Наконец развинтили пару ножниц, нашли в углу двора две хорошие палки и просмоленной бечевкой привязали к каждой по половинке ножниц; где раздобыли бечевку, не знаю, а смолу — со свежих срезов на еще не успевших просохнуть столбах нашего навеса. Со странным чувством держал я в руках это оружие — не тяжелее хлыста для верховой езды. Оно казалось и не более опасным. Все окружающие поклялись не вмешиваться в ход дуэли и, если дело кончится плохо, не выдавать имени противника, оставшегося в живых. Подготовившись таким образом, мы набрались терпения и принялись ждать урочного часа.

Вечер выдался облачный; когда первый ночной дозор обошел наш навес и направился к крепостным стенам, на небе не видно было ни звездочки; мы заняли свои места и сквозь шорох городского прибоя, доносившегося со всех сторон, еще слышали оклики стражи, обходящей замок. Лакла — старшина, председатель суда чести, поставил нас в позицию, вручил нам палки и отошел. Чтобы не испачкать платье кровью, мы оба разделись и остались в одних башмаках; ночная прохлада окутала наши тела словно бы влажной простыней. Противника моего сама природа создала куда лучшим фехтовальщиком, нежели меня: он был много выше, настоящий великан, и силу имел под стать сложению. В непроглядной тьме я не видел его глаз; а при том, что палки наши были слишком гибки, я был не вполне уверен, сумею ли парировать удары. Лучше всего, решил я, если удастся извлечь выгоду из своего недостатка — едва будет дан сигнал, я пригнусь и мгновенно сделаю выпад. Это значило поставить свою жизнь на одну-единственную карту: если я не сумею ранить его смертельно, то защищаться в таком положении уже не смогу; но хуже всего, что при этом я подставлял под удар лицо, а лицо и глаза мне меньше всего хотелось подвергать опасности.

— Allez![7] — скомандовал старшина.

В тот же миг мы оба с одинаковой яростью сделали выпад и, если бы не мой маневр, сразу же пронзили бы друг друга. А так он лишь задел мое плечо, моя же половинка ножниц вонзилась ему ниже пояса и нанесла смертельную рану; великан всей своей тяжестью опрокинулся на меня, и я лишился чувств.

Очнувшись, я увидел, что лежу на своей койке, 11 в темноте смутно различил над собою с дюжину голов. Я порывисто сел.

— Что случилось? — воскликнул я.

— Тс-с! — отозвался старшина. — Слава богу, все обошлось. — Он сжал мне руку, и в голосе его послышались слезы. — Это всего лишь царапина, сынок. Я здесь, и уж я о тебе позабочусь. Плечо твое мы перевязали, одели тебя, теперь все обойдется.

При этих словах ко мне воротилась память.

— А Гогла? — выдохнул я.

— Его нельзя трогать с места. Он ранен в живот, его дело плохо, — отвечал старшина.
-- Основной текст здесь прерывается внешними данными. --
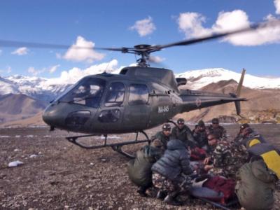 尼泊尔士兵将伤者送上直升机 救援人员将伤者送下山 直升机到山上进行救援工...

При мысли, что я убил человека ножницами, мне стало тошно. Убей я не одного, а десятерых выстрелами из мушкета, саблей, штыком или любым другим настоящим оружием, я не испытал бы таких угрызений совести. Чувство это еще усиливали все необычные обстоятельства нашего поединка — и темнота, и то, что мы сражались обнаженные, и даже смола на бечевке. Я кинулся к моему недавнему противнику, опустился подле него на колени и сквозь слезы только и сумел позвать его по имени.

— Не распускай нюни. Ты взял верх. Sans rancune[8].

От этих слов мне стало еще тошней. Мы, два француза на чужой земле, затеяли кровавый бой, столь же чуждый истинных правил, как схватка диких зверей. И теперь он, который всю свою жизнь был отчаянным задирой и головорезом, умирает в чужой стороне от мерзкой раны и встречает смерть с мужеством, достойным Байяра. Я стал просить, чтобы позвали стражу и привели доктора.

— Может быть, его еще можно спасти! — воскликнул я. Старшина напомнил мне наш уговор.

— Если бы Гогла ранил тебя, — сказал он, — пришлось бы тебе лежать здесь и дожидаться патруля. Ранен Гогла, и ждать придется ему. Успокойся, сынок, пора бай-бай.

И так как я все еще упорствовал, он сказал:

— Это слабость, Шандивер. Ты меня огорчаешь.

— Да-да, идите-ка вы все по местам, — вмешался Гогла и в довершение обозвал нас всех одним из своих любимых смачных словечек.

После этого все мы улеглись во тьме по местам и притворились спящими, хотя на самом деле никому не спалось. Было еще не поздно. Из города, что раскинулся далеко внизу, со всех сторон доносились шаги, скрип колес, оживленные голоса. Несколько времени спустя облачный покров растаял и в просвете меж навесом и неровной линией крепостных стен засияли бесчисленные звезды. А здесь, среди нас, лежал Гогла и порою, не в силах сдержаться, стонал.

Вдалеке послышались неторопливые шаги: приближался дозор. Вот он завернул за угол, и мы его увидели: четверо солдат и капрал, который усердно размахивал фонарем, чтобы свет проникал во все уголки двора и под навесы.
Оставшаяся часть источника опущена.